The Dark's informational scroll culminates with a red ball of light hurtling toward Earth. We cut to a young woman exiting a movie theater. Oddly, it's night and the streets are deserted. Was she the only patron? Anyway, she's properly frightened, and scurries up the street. She hears footsteps. Spooky voices whisper...

Theeeee da-a-a-a-a-a-a-ark!

She quickens, runs, ducks, thinks she's safe... An alien monster rips off her head! (No, you don't see it. Despite the alien's MO, you only see one decapitation in the entire film. This film isn't too gory.) Anyway, thus begins...

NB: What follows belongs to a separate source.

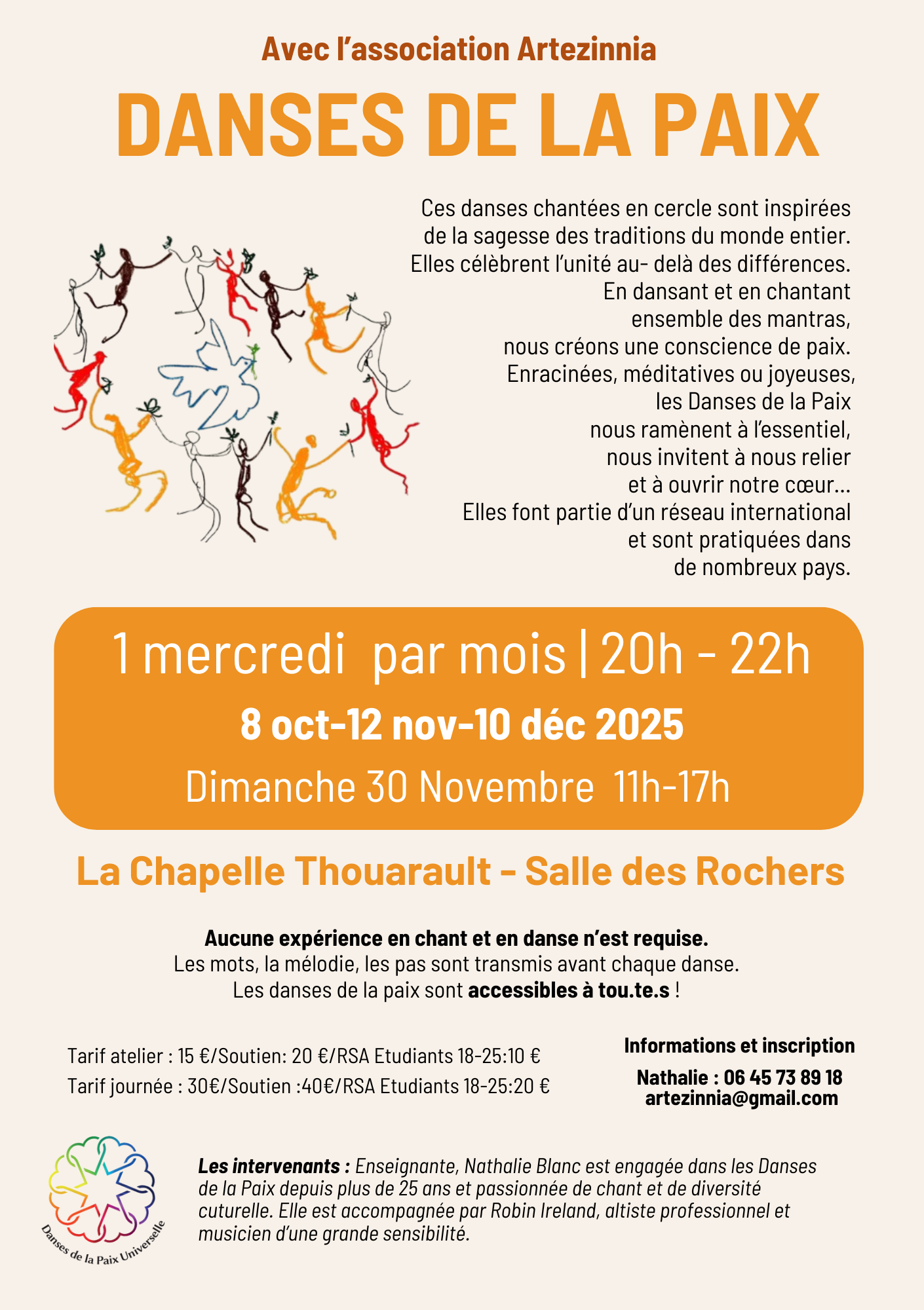 Nathalie, mentore de Danses de la paix , transmet chaque danse avec enthousiasme et douceur et Robin, musicien professionnel l’accompagne à l’alto ou autres instruments pour soutenir et inspirer les danseurs/danseuses.
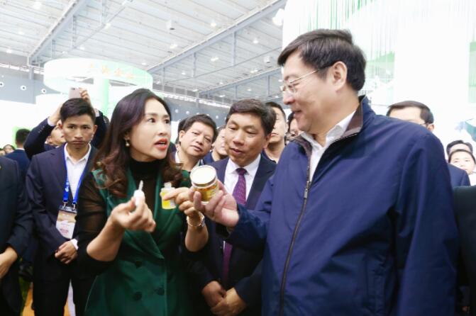 杜家毫在展位里對一瓶小小的膠囊表現出極大的興趣,當他得知這瓶膠囊是通過高新技術從茶油中提取高純度營養素製成時,對茶油“湘”字號企業能把普通茶油做得如此有科技含量贊不絕口,稱贊“把茶油產業做出了高度和精度!”。

Theeeee da-a-a-a-a-a-a-ark!

I say "Theeeee da-a-a-a-a-a-a-ark!" because whenever it's dark and lonely, and some character is wandering about, that eerie (and eerily familiar) canned 1970s music is mixed with nondiagetic spooky voices whispering...

Theeeee da-a-a-a-a-a-a-ark!

Such nondiagetic whispering makes no sense. This is not a supernatural film. No spirits or ghosts. Just a gypsy fortune teller with some clairvoyance. It seems the whisperings were added solely to create atmosphere, and frighten us with...

Theeeee da-a-a-a-a-a-a-ark!

And to assure we're scared, characters oblige us by wandering about dark deserted hallways, parking lots, streets, nervously glancing about, sometimes killed, sometimes not. Yet despite the title, this is not a film about the dark, but about a killer alien.

While the atmospheric style is 1970s, the monster story is 1950s, with a shamelessly cheesy alien. Its hands resemble Lon Chaney's werewolf, hairy with long dark fingernails. It hurriedly stumbles after our heroes in what appears to be (in silhouette) Frankenstein monster boots. Its red cat-like eyes shoot raygun beams that toss people across a room before causing them to explode without a trace.

 

 

That's the atmosphere and monster. Here are the characters and story:

The dead woman was the daughter of horror novelist Roy Warner (William Devane). Devane has made a career out of playing clean-cut authority figures, but here he is scruffy and long-haired, as befits a horror novelist. Naturally, Roy Warner has also done prison for manslaughter, his novels are "nothing but blood and gore," and he lives in a pricey Hollywood Hills house.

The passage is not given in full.